I can’t say I like long open crossing on bridges in the first place. I’ve caught myself leaning away from the void when traveling down the Florida Keys or over Bay Area Bridges or when on a mount pass with a shear drop. There is something about the pull of gravity and the abyss that unsettles me. I don’t really call it a phobia. Nor is it some stray morbid suicidal thought, so don’t worry. But there’s a tiny hot spot in my brain that realizes a tiny “oops”, a muscle spasm, a momentary disconnect from reality, a crazed twitch and poof, gravity and the abyss win. Is it just me? Really?

Anyway, I knew I wasn’t going to like this in good weather.

So, at 19 minutes into the crossing, I found myself coiled up like a spring, white knuckling the grips, fighting not only the wind, but also that crazed and facinating draw of gravity and the abyss off the edge of the bridge. So, drowning out the wind, I screamed. I screamed a crazy, fierce and ugly into my helmet and rode on.

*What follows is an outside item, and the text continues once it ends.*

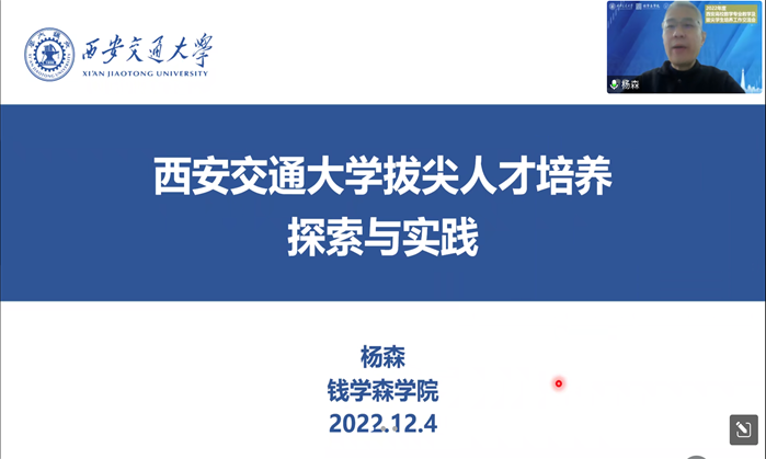 在拔尖人才培养过程中的探索与实践。杨森教授首先对一楼一凤

The wind didn’t win. Gravity and the abyss didn’t win. This day, I won. It took me 25 minutes to cross. Yeah, I might have sounded like I nearly lost my mind 19 minutes and 14 miles into the crossing, but I didn’t.

Wow, that was a lot of drama. It really was pretty terrifying. No embellishment, I was scared. After nearly 4000 miles alone on two wheels, this was some freaky shit.

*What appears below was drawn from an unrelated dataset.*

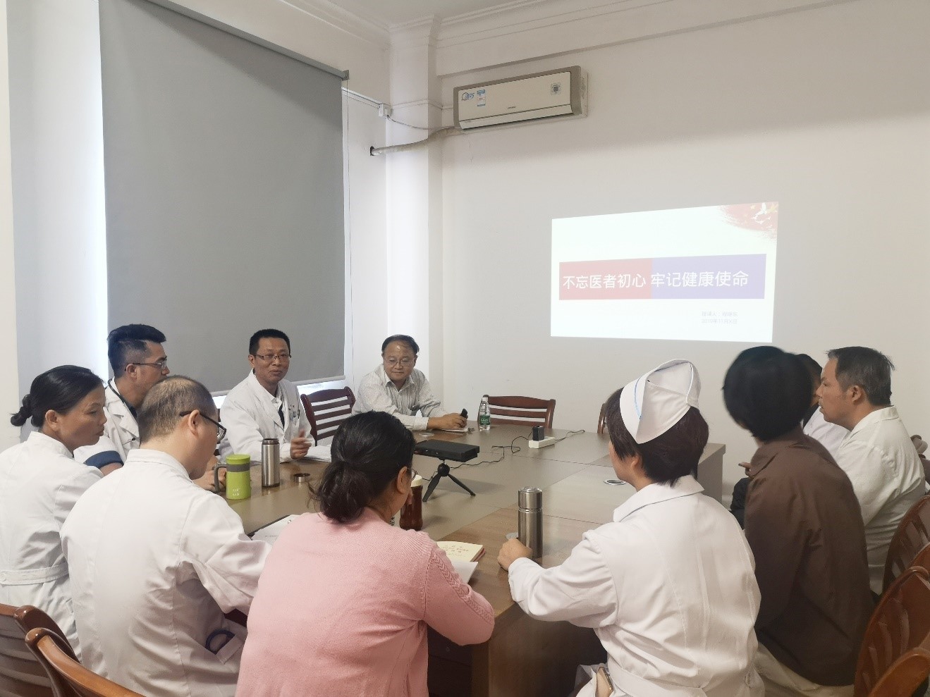 程副院长结合实际,向在座党员阐述了共产党员和基层医务工作者的初心和使命,并就如何践行“不忘医者初心,牢记健康使命”作了主题发言,要求大家立足岗位,精益求精,以勤勉严谨的工作作风,除人类之病痛,助健康之完美,在维护医术的圣洁和荣誉的同时,不断朝着“为中国人民谋幸福”的初心和“为中华民族谋复兴”的使命奋勇前行。林维强书记鼓励支部党员以实际行动践行希波克拉底誓言,为医疗事业贡献力量。

At the other end, I relished in a little parking lot celebration. As I passed cars trying to lock down loose loads and find the shuttle van that will take their bicycles and roof racks across, they watched, confused as a crazy woman rolled into the lot hooting and clapping. I am okay with the embarassment.

Amazingly, Day 24 had only just begun. I’d only covered on 25miles of the planned nearly 300mile so far. Many other things happened on Day 24, so, I think it might get two or even three posts.

How’s that for drawing out the ending?

Happy cooking and screaming at your demons.